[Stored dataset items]

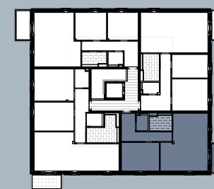
Grundriss (ohne Maßstab)
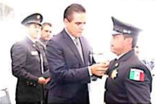
MORELIA, MICH.- En un acto sin precedente, reciben 99 elementos reconocimientos al mérito policial, al valor y a la perseverancia.

Por su parte, el secretario de Seguridad Pública, Israel Patrón Reyes, destacó que la vocación de hombres y mujeres policías ha permitido avanzar en Michoacán, entidad que se ubica entre los 10 estados con menos delitos.
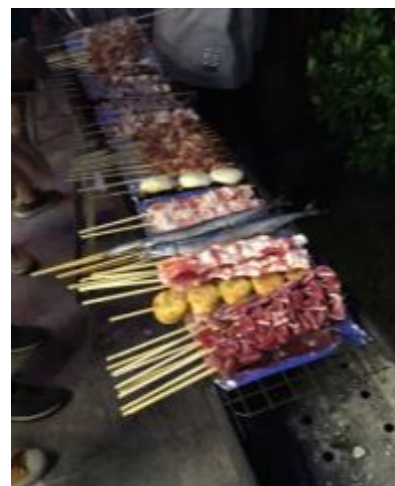
Barbecue dans la campagne chinoise
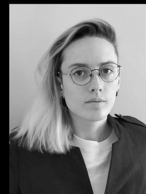
BERTILLE FRIDERICH Création lumière
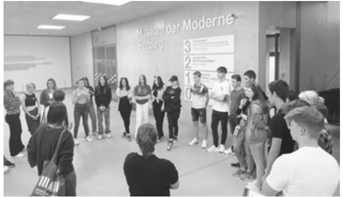
7A und 7B im Museum der Moderne

Ausstellung „True Pictures? Zeitgenössische Fotografie aus Kanada und den USA“ im Rahmen einer Führung mit Kunstgespräch und kleinem Workshop erleben konnten. Die groß angelegte Ausstellung reagiert auf den Umstand, dass die künstlerische Fotografie in Europa ab den 1980er-Jahren eigenständige Wege einschlug, indem sie mit einem offeneren Blick die nordamerikanische Fotografie der Gegenwart vorstellt. Analog zur künstlerischen Emanzipation der Fotografie in Europa identifiziert die Ausstellung die ausgehenden 1970er-Jahre als Ausgangspunkt eines grundlegenden
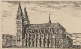
c. Backsteinbau in gotischem Stile: Die Marienkirche zu Lübeck.
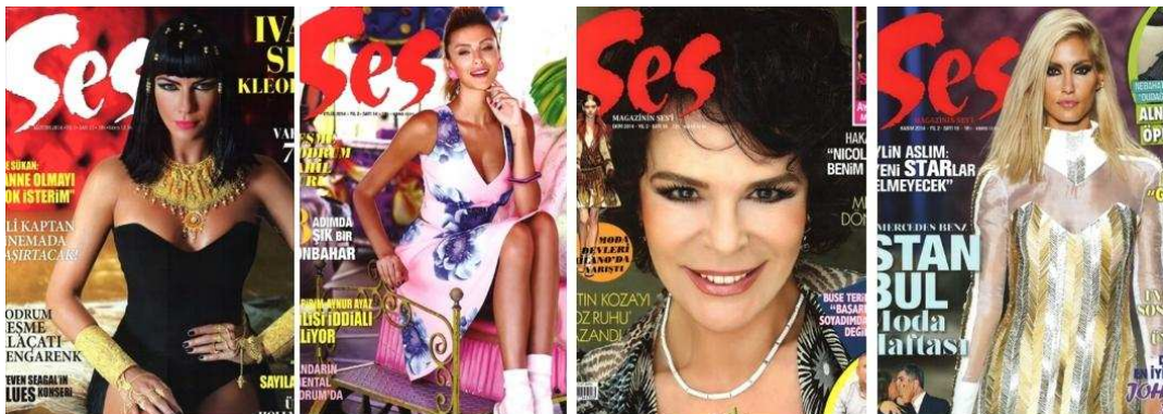
Şekil 5. 1974 ve 2014 Yıllarında Yayınlanan Ses Dergilerinin Kapakları
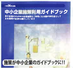
施策が中小企業のガイドブックに！！

■司法制度調査会事務局長としての活躍が、世代交代・政策転換を主導する「ニュー法務族」としてメディアに！
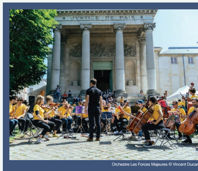
Orchestre Les Forces Majeures

[Cat. A/parterre : 50€ / 35€ - Cat. B/gradin : 30€ / 20€]

Task instructions: Write out again only the lines from the line that contains "c. Backsteinbau in" through the last line of the records, both ends included, without any of the pictures.

Result of the exercise:
c. Backsteinbau in gotischem Stile: Die Marienkirche zu Lübeck.
Şekil 5. 1974 ve 2014 Yıllarında Yayınlanan Ses Dergilerinin Kapakları
施策が中小企業のガイドブックに！！

■司法制度調査会事務局長としての活躍が、世代交代・政策転換を主導する「ニュー法務族」としてメディアに！
Orchestre Les Forces Majeures

[Cat. A/parterre : 50€ / 35€ - Cat. B/gradin : 30€ / 20€]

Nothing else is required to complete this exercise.